In present world lymphedema is one of the side effects of mastectomy. When we talk about the treatment of lymphedema the standard treatment which comes into our mind is, complex decongestive physiotherapy (CDP). This treatment includes MLD (manual lymphatic drainage), short stretch bandaging, exercises program and also care of skin of the pectoral region and the surroundings as well as pneumatic compression (intermittent). Patient came with unilateral stage l lymphedema with a history of mastectomy. To treat the patient, we used MLD, intermittent pneumatic compression and exercises. In the treatment of lymphedema manual lymphatic drainage is performed (MLD). The purpose of performing MLD was to find out the effectiveness in treating breast cancer related lymphedema and also prevent fluid formation in subcutaneous tissues.
We gave the 12-session of manual lymphatic drainage and exercise in every month.
RESULT AND CONCLUSION
Showing that therapy created has an excellent effect. The lymphedema reduced day by day and It could also be the options to do isometric exercise program instead of performing short stretch bandaging. It is also considered as another option to treat individuals who are contraindicated for pressure therapy. When treating breast cancer you may come across the arm lymphedema. Quality of life may get affected and may also impact long term recovery and survivorship. Early treatment and preventions always plays a significant role in minimizing the complications.
Breast cancer, Lymphedema, Manual Lymphatic Drainage , Carcinoma , Mastectomy , Lymph Nodes
Syed Abid Mehdi Kazmi
Department of Physiotherapist
Asst. Manager / Research Coordinator
Department of Physiotherapist
[Kazmi SAM, Ahmed N, Aujha S. Case Report: Effect of Manual Lymphatic Drainage and Exercises in Post-Mastectomy Patients Pak. j. rehabil. 2014;3(1):22-25]
The lymphatic system consists of lots of vessels that hold lymph liquid throughout the system. Lymph is often apparent, without color liquid which has water and a few bloodstream cellular materials. That starts in lots of parts as well as tissues. The lymphatic system is actually section of your defense mechanisms. It assists to protect and maintain the particular substance of your respective entire body by remove the waste products away from all body region and filtering and draining lymph. Clear, thin fluid that circulates throughout the body for elimination of wastes, bacteria and other substance from tissues, it called lymph. Edema could be the accumulation connected with excessive water so lymphedema arises while an excessive amount of lymph collects in a part of the body.

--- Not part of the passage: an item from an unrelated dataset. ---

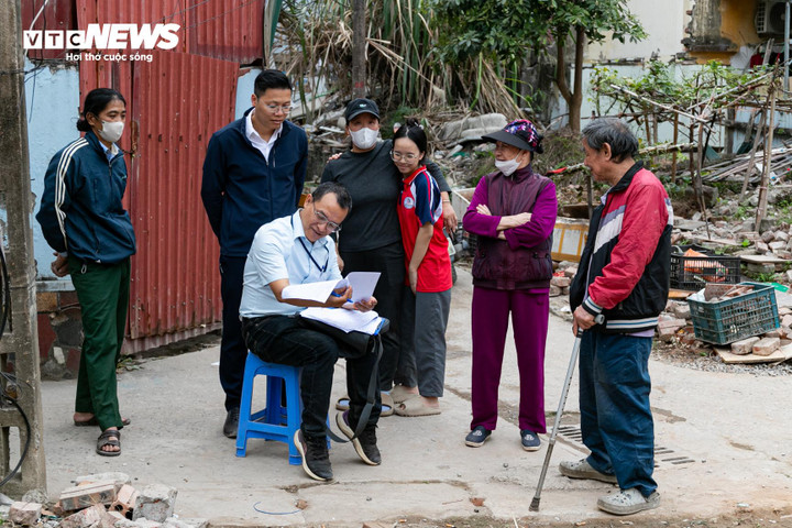 Cán bộ phường Cầu Giấy trực tiếp đến từng hộ dân thuộc diện di dời để hướng dẫn, hỗ trợ hoàn thiện thủ tục thuê nhà tạm cư.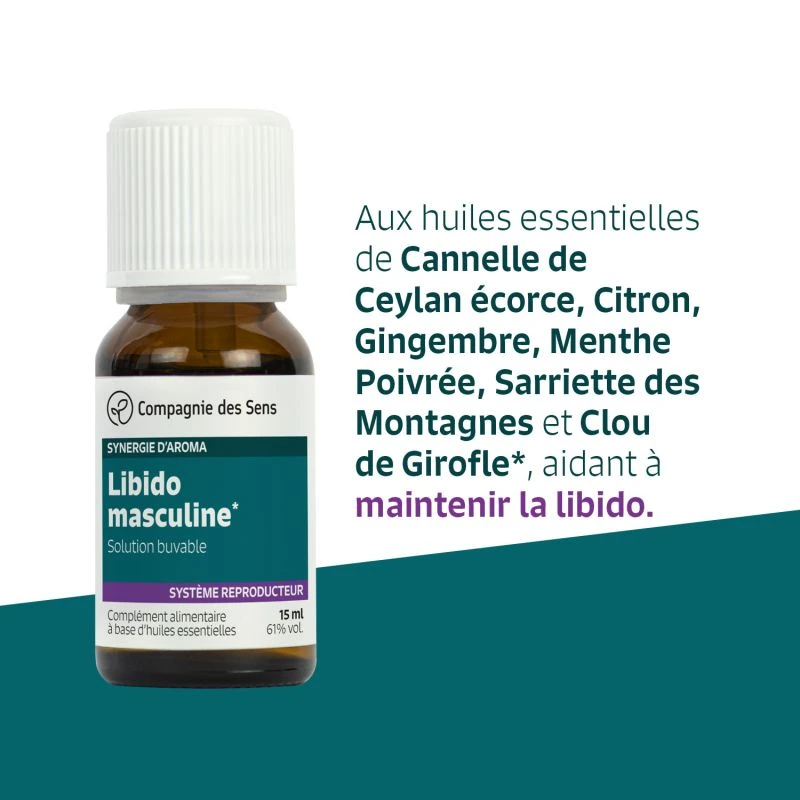Solution buvable aux huiles essentielles de Cannelle de Ceylan écorce, Citron, Gingembre, Menthe Poivrée, Sarriette des Montagnes et Clou de Girofle, aidant à maintenir la libido.

When lymphedema grows inside individuals who’ve been handled regarding breast cancer, it generally takes place from arm and hand however often that impacts the particular breast, underarm, breasts, trunk, and/or back. Every time the normal drainage pattern within the lymph nodes is interrupted or even damaged (as frequently occurs while in surgical procedure to clear out the actual lymph nodes.); serious swelling in the supply might be occurring. Rays could also destruction lymph nodes as well as lead to inflammation/swelling of the arm. This kind of bloating, due to a great irregular assortment of excessive water/fluid, is called lymphedema. The actual irritation might be noticed in the arm, chest muscles, in addition to breast area quietly connected with medical procedures (surgery).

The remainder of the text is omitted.